Redefining Risk Management Through Geotechnical Expertise and Technological Innovation: Dr. Vaka on Emerging Technologies, AI & Engineering Judgement

As Head of Innovation and Technology at Geofem, Dr. Divya Sekhar Vaka shares his insights on the emerging technologies transforming risk management, the role of AI and digital transformation, and how innovation is shaping the future of earth observation and satellite remote sensing. He also explains why, despite rapid technological advances, engineering judgement remains at the heart of effective decision-making.

What emerging technologies in the world of satellite remote sensing are you most excited about right now? How do you see them shaping the near future of engineering, data analysis and risk understanding?

For the first time, we are moving from a world where data was scarce to one where the challenge is understanding and integrating enormous volumes of information.

We now have access to radar satellites, optical satellites, LiDAR, GNSS measurements, weather data and many other sources. The challenge is no longer data availability; it is how we integrate all these datasets to extract meaningful information.

I am also excited about the upcoming NISAR mission and the opportunities it will create for vegetation monitoring, infrastructure monitoring, natural hazard assessment, and environmental applications.

NISAR's unique combination of L-band and S-band radar observations will provide greater sensitivity to vegetation structure, soil moisture variations, and ground deformation processes than many existing missions.

For infrastructure and geohazard monitoring, the longer L-band wavelength is particularly valuable because it can maintain coherence over vegetated and rapidly changing terrains where traditional C-band systems often struggle.

This will improve our ability to monitor slopes, landslides, subsidence, and critical infrastructure across larger areas and with greater reliability. For environmental applications, the mission will provide new insights into biomass changes, flooding, and land surface processes, supporting both scientific research and operational decision-making.

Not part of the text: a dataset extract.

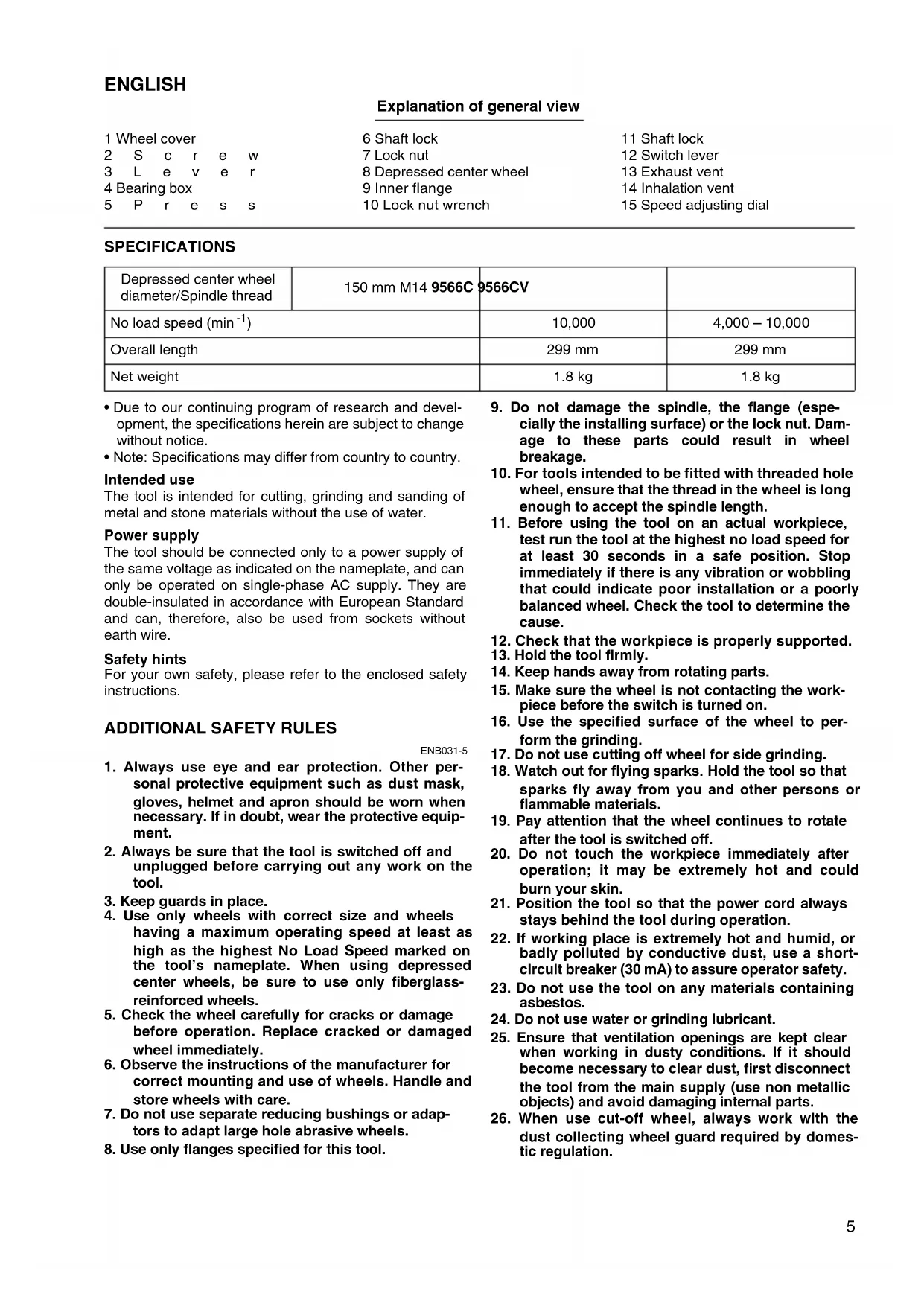 eral pressure. SAVE THESE INSTRUCTIONS. OPERATING INSTRUCTIONS Installing wheel guard (Fig. 1 & 2) Important: Always be sure that the tool is switched off and unplugged before installing or removing the wheel guard. Pull the lever in the direction of the arrow after loosening the screw. Install the wheel cover on the bearing box by adjusting the convex of the wheel cover to the concave of the bear- ing box. Turn the wheel cover by 180 degrees. Fasten it with the screw after pulling lever in the direction of the arrow for the working purpose, the setting angle of the wheel cover can be adjusted with the lever. Removing wheel cover Follow the installation procedure in reverse to remove the wheel cover. Installing side grip (auxiliary handle) (Fig. 3) Important: Always be sure that the tool is switched off and unplugged before installing or removing the side grip. Always install the side grip on the tool securely before operation. The side grip can be installed on either side of the tool, whichever is convenient and keeps the guard properly positioned. Always hold the tool’s switch handle and the side grip firmly with both hands during operation. Shaft lock (Fig. 4) Press the shaft lock to prevent spindle rotation when installing or removing accessories. CAUTION: Never actuate the shaft lock when the spindle is moving. The tool may be damaged. Installing or removing depressed center wheel (Fig. 5 & 6) Important: Always be sure that the tool is switched off and unplugged before installing or removing the wheel. Mount the inner flange onto the spindle. Fit the wheel on over the inner flange and screw the lock nut onto the spindle. To tighten the lock nut, press the shaft lock firmly so that the spindle cannot revolve, then use the lock nut wrench and securely tighten clockwise. To remove the wheel, fol- low the installation procedure in reverse. Switch action (Fig. 7) CAUTION: Before plugging in the tool, always check to see that the switch actuates properly and returns to the ‘‘O(OFF)’’ position when the rear of the switch lever is depressed. To start the tool, slide the switch lever toward the ‘‘I (ON)’’ position. For continuous operation, press the front of the switch lever to lock it. To stop the tool, press the rear of the switch lever, then slide it toward the ‘‘O(OFF)’’ posi- tion. Speed adjusting dial (For model 9566CV) (Fig. 8) The rotating speed can be changed by turning the speed adjusting dial to a given number setting from 1 to 5. Higher speed is obtained when the dial is turned in the direction of number 5. And lower speed is obtained when it is turned in the direction of number 1. Refer to the table below for the relationship between the number settings on the dial and the approximate rotating speed. CAUTION:

Combined with advances in cloud computing and AI, I think we are moving towards a future where satellite data becomes a routine part of engineering decision-making.

How have AI and automation changed the way you and the Geofem team approach innovation? What challenges can you solve today that would have been difficult or impossible to address just a few years ago?

AI and automation have significantly changed the way we work, especially when dealing with large volumes of geospatial and Earth Observation data. A few years ago, many workflows required substantial manual effort, from data preparation to analysis and interpretation. Today, much of that can be automated, allowing us to focus more on understanding the results and solving real-world problems.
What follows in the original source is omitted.